Guild’s dire predictions not realised

5 minute read


All indications suggest that there was no mass closure of community pharmacies over the first year of 60-day dispensing.


Double dispensing has now been in place for a full year – but have the Pharmacy Guild’s grim prognostications of overdoses, medicine shortages and shuttered community pharmacies eventuated?

The Medical Republic set out to answer that question today.

What of the overdoses?

Short answer: It’s unlikely that the drugs included in 60-day dispensing have led to a spike in overdoses.

Long answer: Health Minister Mark Butler has publicly rubbished the idea that patients were more likely to accidentally overdose if they had a 60-day supply of medicine on hand.

“[The PBAC] provided very clear advice to us and to the prescribing community, which is largely general practitioners, that the idea of overdosing being a significant risk from this policy simply wasn’t real,” he said.

“At the end of the day, every GP will exercise their clinical judgment with the patient that they know well about whether a 60-day script is advisable or not.

“There are many occasions where GPs are not issuing 60-day scripts in spite of the fact that the medicine might be eligible.”

Mr Butler went on to call it a “baseless scare campaign”.

In terms of hard data, the Australian Institute of Health and Welfare does record statistics on accidental poisoning injuries and deaths.

Unfortunately, the most recent data it published was for the 2021-22 financial year.

If there has been a spike in pharmaceutical overdoses, it will be some time before the hard data is available.

According to the 2021 data, the most common pharmaceuticals implicated in accidental overdose hospitalisations included “unspecified drugs, medicaments and biological substances (includes hormones and their synthetic substitutes and antagonists, not elsewhere classified, such as insulin)”, benzodiazepines and stimulants, opioid narcotics and non-opioid analgesics.

While there are some medications containing hormones and sublingual opioids (apomorphine for Parkinson’s Disease, for example) included on the list of 60-day dispensing medicines, there are no insulins, benzodiazepines, amphetamines, oral opioids or general analgesics on there.

Have medication shortages worsened?

Short answer: no.

Long answer: Medicine shortages have posed a growing threat in Australia following the major supply chain disruptions caused by the pandemic.

One of the main arguments levelled against 60-day dispensing by Guild president Professor Trent Twomey was that “everyday prescription medicine will be put into severe shortages lasting months, not days or weeks”.

“I don’t want to see a Hunger Games stand-off in any community in Australia where some patients get double the medicine they need, while others get nothing,” he said in April 2023.

Currently, there are around 376 medicines in shortage in Australia – this time last year, that number was more than 400.

The TGA’s response to its own consultation on medicine shortages from July 2024 does not mention 60-day dispensing.

As part of the consultation, the TGA asked respondents to list the medicine shortages that have impacted them most over the past 12 months.

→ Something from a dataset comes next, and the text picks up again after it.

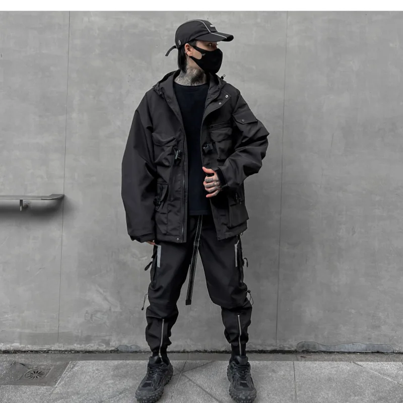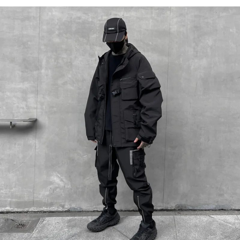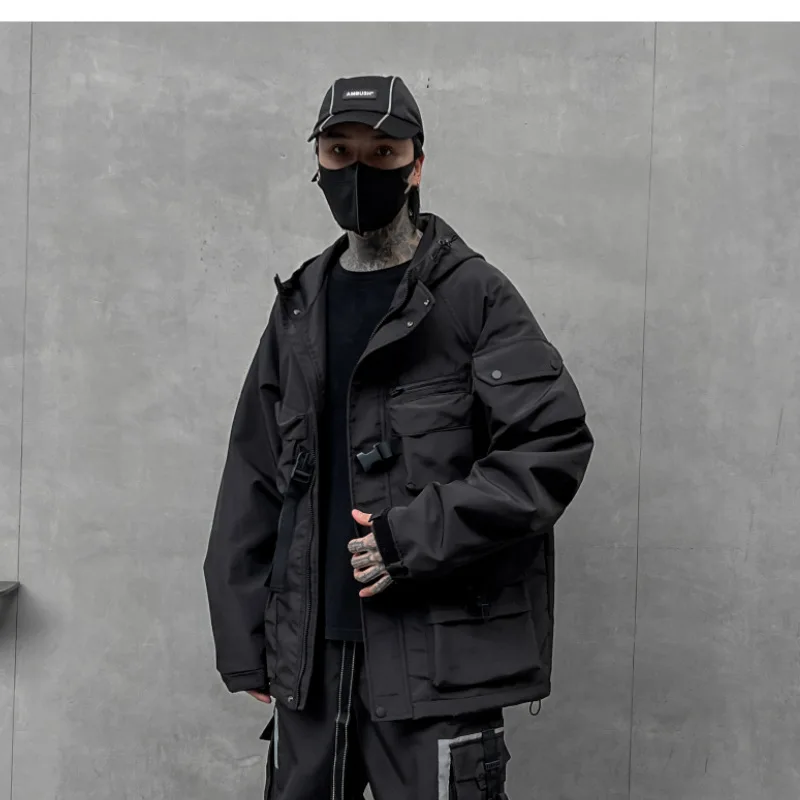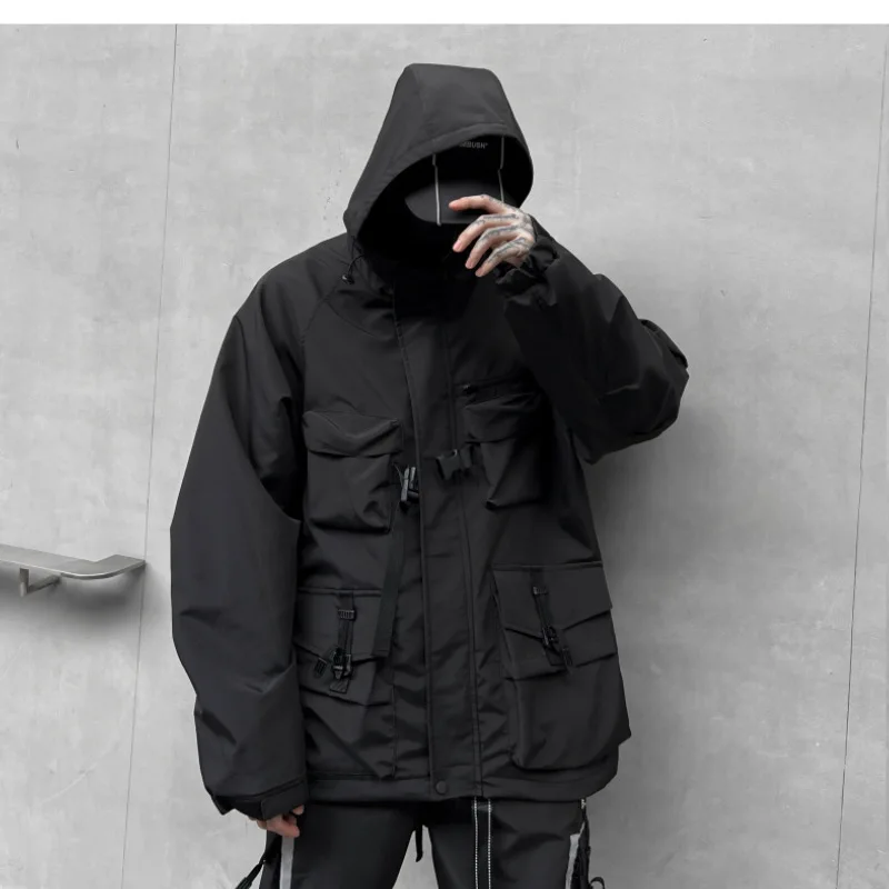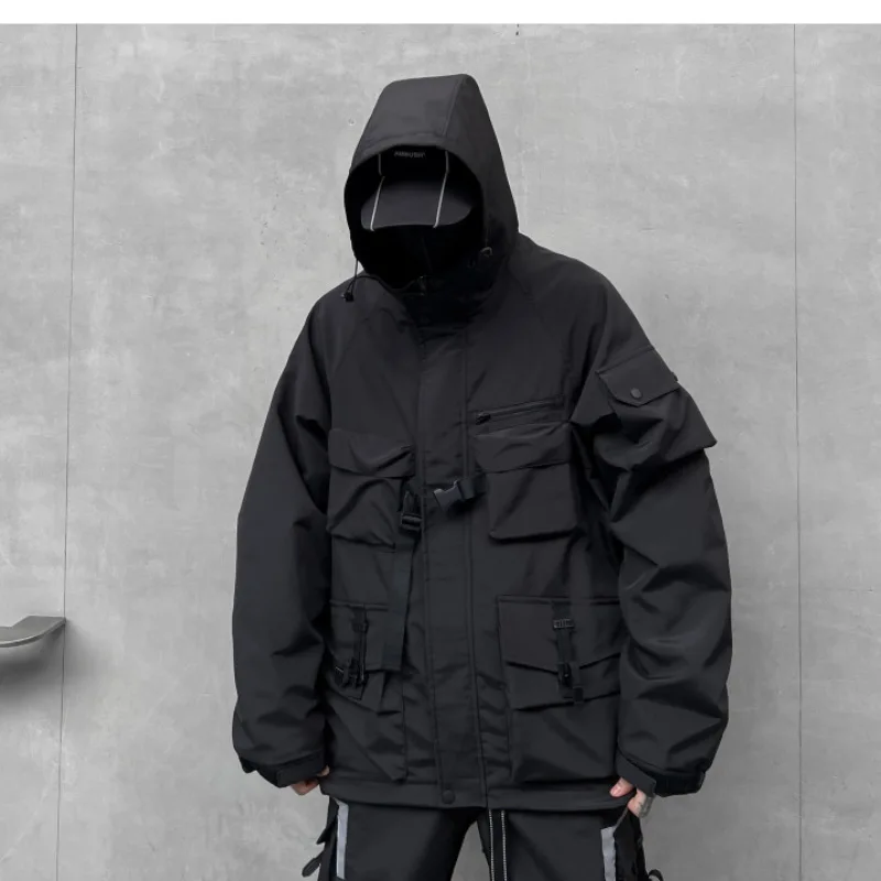 2023 Autumn Korean style Personalized multi pockets design hooded cargo jackets men casual loose tooling jackets coat men,M-XXL

Of the top six – lisdexamfetamine capsules, semaglutide, menopause hormone therapy patches, opioid oral liquids, antibiotics and combination blood pressure/cholesterol-lowering medicines – only three (estradiol patches, tetracycline antibiotics and combination statins) are part of the 60-day prescribing list.

How many pharmacies closed as a result of 60-day dispensing?

Short answer: there are no signs that swathes of pharmacies closed immediately before or after the introduction of 60-day dispensing, but the statistics will be out later this year.

Long answer: The biggest claim made in the lead-up to 60-day dispensing – and the one that brought Professor Twomey to tears on national television – was that the reduced income from the policy would be so great that it would financially ruin pharmacy owners across the country.

When asked today, the Guild told TMR that it did not have any data on how many pharmacies may have closed because of the policy.

Nor did it have data on how many pharmacies have decided to start charging patients out of pocket for services like webster packs and blood pressure checks.

PBS expenditure data puts the number of community pharmacies in Australia at 5935 in June 2023, three months before double dispensing arrived.

This was up from 5901 in the previous 12 months.

Unfortunately, it only releases this data at the end of the calendar year, meaning that it’ll be another three months before the number of community pharmacies at June 2024 is revealed.

Still, signs do not point to a mass closure; Mr Butler told the Guardian in March that the government had received 87 new pharmacy applications between May 2023 and January 2024, a Pharmacy Guild submission from April this year pegged the number of community pharmacies at around 6000.

The Pharmacy Guild may have abandoned its anti-double dispensing campaign last year in exchange for an earlier start to the next community pharmacy agreement, but old habits die hard.

In a media release earlier today, Professor Twomey took one final swipe at the policy.

“The lowering of the maximum co-payment from $42.50 to $30 has saved patients a total of $346 million on medicines, as opposed to the $30 million from 60-day dispensing,” he said.

“On behalf of patients and community pharmacists, along with our partners, the Australian Patients Association, Chronic Pain Australia and Food for Change, the Guild campaigned to secure the Government’s historic lowering of the copayment, the first in the 75-year history of the PBS.”